8. The method for detecting and repairing the 3D printing pore defect according to claim 7, wherein the second preset threshold value ranges from 27 square millimeters to 113 square millimeters.

9. The method for detecting and repairing 3D printed pore defects according to claim 7, wherein the selecting a defect repairing mode according to the defect type and the repairing the defect area and marking as the repaired area specifically comprises:

if the defect type is the first type of defect, ablating the defect area by adopting pulse laser;

if the defect type is the second type of defect, adopting pulse laser to remove the defect area, and performing powder spreading printing again and marking the defect area as a repair area;

if the defect type is the third type of defect, the abnormal value of the size of the molten pool of the third type of defect is smaller than 120% of the third preset threshold, and the abnormal value of the temperature of the molten pool is smaller than 120% of the fourth preset threshold, re-cladding the defect area by adopting continuous laser and marking the defect area as a repair area;

if the defect type is the third type of defect, and the abnormal value of the size of the molten pool of the third type of defect is larger than 120% of the third preset threshold, or the abnormal value of the temperature of the molten pool is larger than 120% of the fourth preset threshold, the defect area is removed by adopting pulse laser, and is printed and marked as a repair area by re-powder-spreading.

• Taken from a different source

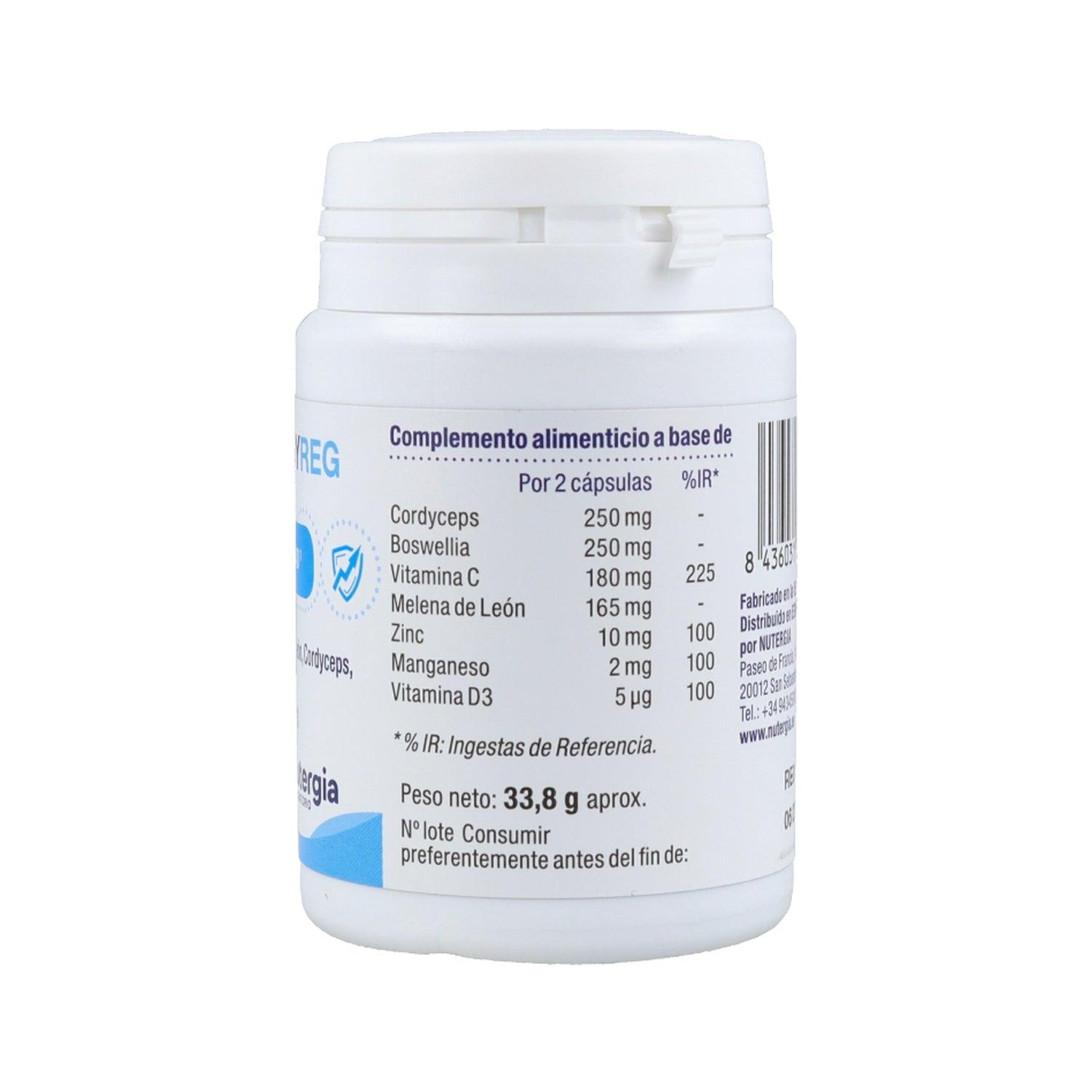 Sa formule, composée principalement de crinière de lion, de cordyceps et de boswellia serrata entre autres, aide à moduler le système immunitaire, ainsi qu'à régénérer la muqueuse intestinale, améliorant et renforçant l'intestin contre les intolérances alimentaires, la dermatite atopique et la rhinite allergique,
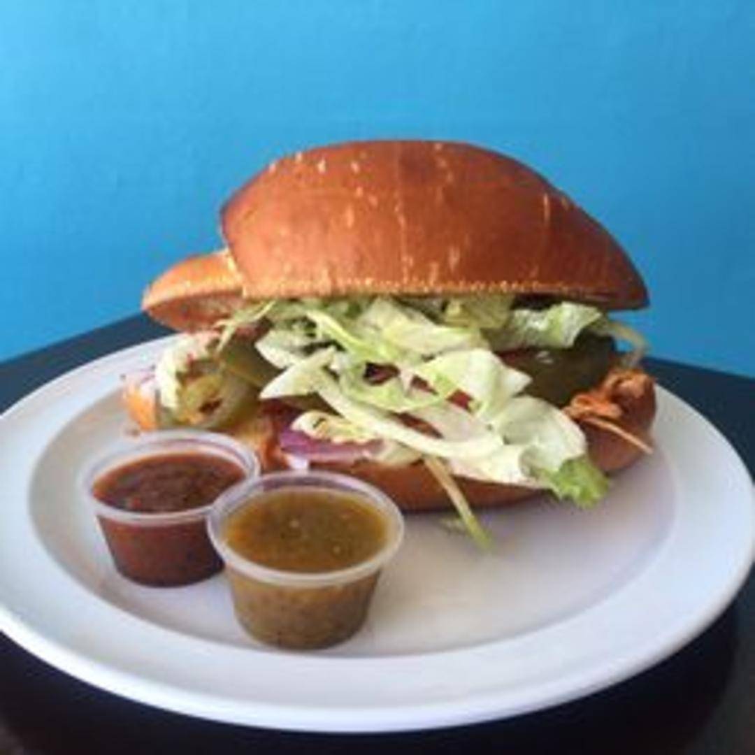 A Mexican sandwich filled with seasoned shredded chicken, lettuce, tomato, onion, avocado, and your choice of condiments, served on a toasted bolillo roll.

10. An inspection repair device based on the method of any one of claims 1 to 8, comprising: the system comprises a laser assembly, a printing platform, a high-speed camera, an infrared camera, a CT machine and a control system;

the laser assembly, the high-speed camera, the infrared camera and the CT machine are assembled above the plane where the printing platform is located and are in communication connection with the control system;

the laser assembly is used for melting a printing layer and ablating the defect area;

the printing platform is used for erecting the printing piece;

the high-speed camera is used for acquiring the liquid drop splashing image of the ith layer and the surface image of the ith layer;

the infrared camera is used for acquiring the infrared image of the molten pool on the ith layer;

the CT machine is used for acquiring a pore image of the repair area;

the control system is used for processing the liquid drop splashing image, the surface image, the molten pool infrared image and the pore image and sending instructions.

Technical Field

The application relates to the technical field of computer vision and industrial automation detection, in particular to a 3D printing hole defect detection and repair method and a detection and repair device.

Background

In the prior art, selective laser melting (i.e., SLM) is widely used for 3D printing of metal castings. The SLM is used for manufacturing a three-dimensional casting by paving metal powder layer by layer according to the structural characteristics of the casting, melting the metal powder in a selected area by a laser beam, condensing and forming and stacking layer by layer. The SLM has the capability of integrally forming a complex and fine structure, and is widely applied to the fields of aerospace, medical instruments and implants thereof, molds, automobiles and the like.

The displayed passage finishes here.